【4456】妄想性障害を統合失調症と誤診されることへの心配

Q: 30代前半の同い年の友人(女性)が統合失調症ではないかと思っています。 症状は被害妄想が一番強く、個人情報が漏れている、盗撮されている、陥れられる、などと考えているようです。特定の人物を犯人と思い込んでいます。また、自分に関わる人間が皆繋がっている、というような感覚も持っています。 本人は病気という自覚はありませんが、幸いご両親には症状を説明することができ、本人も睡眠不足を訴えていたので素直に精神科の受診を承諾してくれました。(まだ予約した段階です)
異変に気づいて数週間、まだ勉強不足なのですが、周りにいる人間として正しい対応で最大限に協力、配慮したいと思っています。 そんな中、先生のご本(統合失調症)を読ませていただき、妄想性障害という診断名を目にしました。インターネットを検索すると、妄想症、偏執病、パラノイアという言葉もヒットしました。 これらは全て同じ症状なのでしょうか?友人は被害妄想は強いですが、幻聴が聞こえている様子はあまり感じません。 まだ病院にかかっていないのでお医者様がどうのように診断されるかわかりませんが、妄想性障害は統合失調症と比べ、症状、治療、薬、社会復帰、予後にどのような違いがあるのか知りたいです。(できれば仕事を続けさせてあげたいです) そして、仮に妄想性障害を統合失調症と診断され、治療が始まったときになにか弊害があるようでしたら教えていただきたいです。 よろしくお願いいたします。

 

林: 統合失調症と妄想性障害の区別は実のところ曖昧です。
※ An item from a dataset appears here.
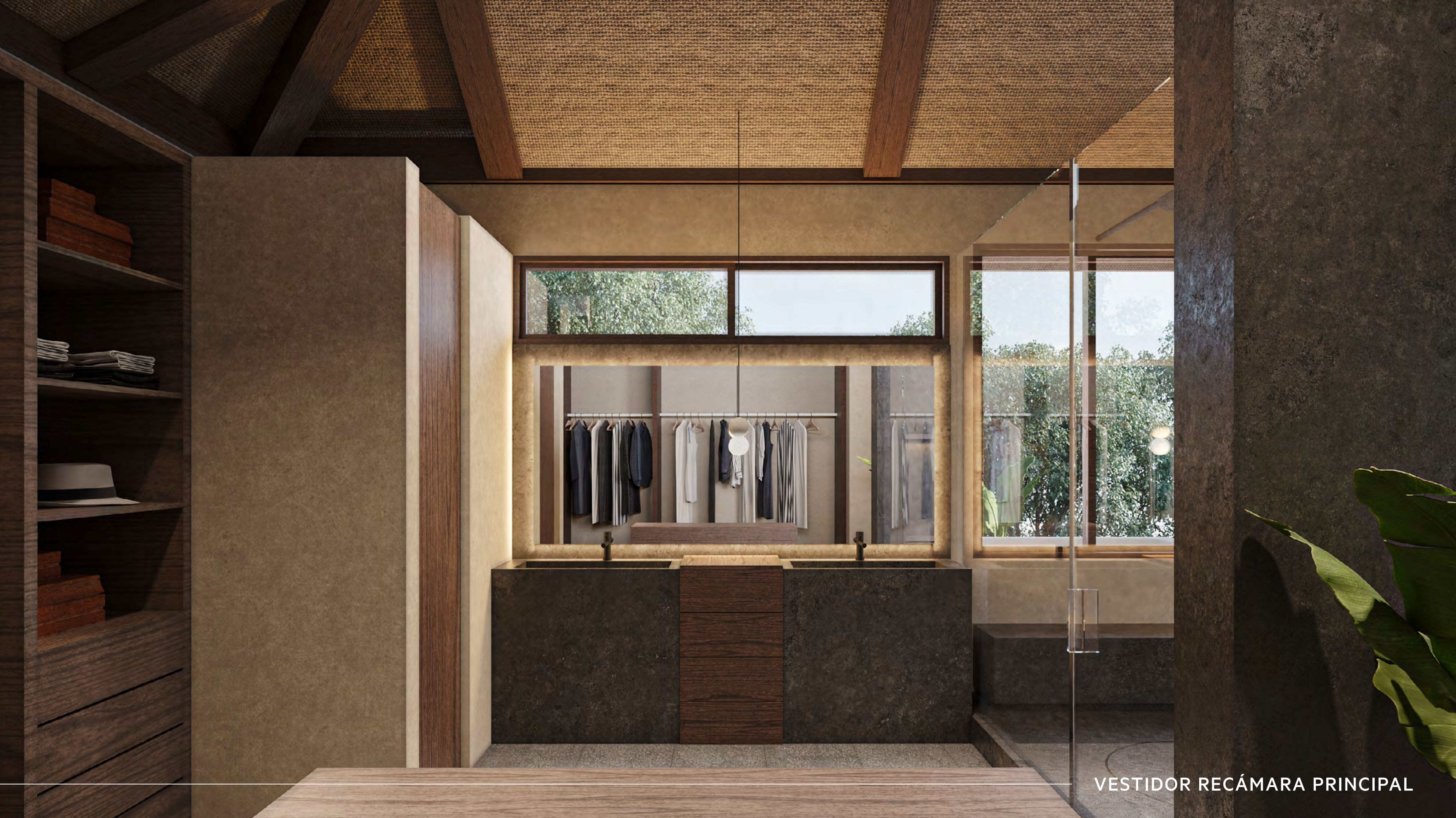
VESTIDOR RECÁMARA PRINCIPAL

【4455】もご参照ください。
妄想を有する疾患の診断分類は、それ自体、精神医学の歴史で延々と続いている難題ですが、この【4456】のご質問、すなわち治療について最も単純化してお答えすると、「妄想性障害の中で、統合失調症に近いケースは抗精神病薬が有効」というのが答えです。そしてこの【4456】のケースは、仮に妄想性障害と診断するとした場合(実際は統合失調症の可能性の方が高いです)、統合失調症に近いケースということになります。ですから質問者のご心配、すなわち、

仮に妄想性障害を統合失調症と診断され、治療が始まったときになにか弊害があるようでしたら教えていただきたい

このご心配は杞憂です。この【4456】のケースは抗精神病薬による治療の適応です。